Bazı stratejistler, Osmanlı’yı, Amerika kıtasına gitmediğinden ötürü eleştirirler. Bu fiziksel olarak mümkün değildir. Osmanlı Doğu Akdeniz’deydi. Atlantik’te kıyısı yoktu. Venedik ile Ceneviz bile, deniz ticareti üzerine kurulu organizasyonlar olmalarına rağmen, böyle bir hedefe yönelmediler. Ayrıca Cebeli Tarık, Alman İmparatoruna bağlı olan İspanya’nın kontrolündeydi. Niçin Osmanlı gemilerinin oradan geçmesine izin versinler?
Diyelim ki Amerika’ya gidildi, ne değişecekti? Osmanlı, batılılar gibi Kızılderili katliamı yapar mıydı? Gittiği yerlerde vergileri düşüren, angaryayı kaldıran ve serfliği iptal eden Osmanlı, Kızılderilileri köleleştirir miydi? Afrika’da siyahileri esir edip, Amerika’ya getirerek nesiller boyu köle olarak çalıştırabilir miydi? Osmanlının, Afrika’da geniş toprakları vardı. Batılıların yaptığı gibi, köle ticareti organize edebilecek gücüde vardı ama bunu düşünmediler, düşünemezlerdi.
Türkler Hindistan’ı aldılar. Hintlileri, köleleştirip, satalım, para kazanalım diye düşünmediler. Hintlileri, Orta Asya’ya götürelim, toprakları ektirelim, gibi fikirler akıllarına dahi gelmedi. Fethettikleri yerlerde adil, eşitlikçi ve hoşgörülü esaslı düzenler kurdular. Oradaki halklarla kaynaştılar. İslam’ı yaşayarak sevdirmeye çalıştılar.
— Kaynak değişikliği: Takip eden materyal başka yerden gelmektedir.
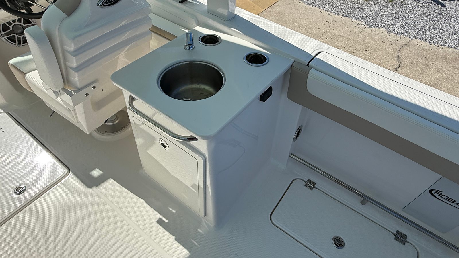 The Robalo 257 DC is designed with practicality in mind, making ownership easy and enjoyable. The aluminum tandem axle trailer simplifies transport and storage, allowing you to take your boat wherever adventure calls. The stowable boarding ladder and windlass package make docking and anchoring hassle-free, so you can spend more time enjoying the water and less time managing logistics.Fuel efficiency is enhanced by the twin Yamaha engines, helping you save on operating costs while maximizing your time on the water. The spacious deck and smart storage solutions ensure that all your gear is organized and accessible, whether you’re packing for a day of fishing, water sports, or a relaxing cruise. The durable construction and premium finishes mean your Robalo boat will maintain its beauty and performance for years to come.

Hem Türk töresi hem de İslam bunu gerektirirdi.
Daha önce özellikle silah teknolojisi konusunda öncü olan ve değişikliklere hızla uyum sağlayan Türkler, coğrafi keşiflerin sonucunda ortaya çıkan sömürü düzenine intibak edemediler. Bilimsel gelişme zaten durmuştu. Neticede kendini yenileyemeyen her organizasyon gibi Osmanlı’da sahneden çekildi.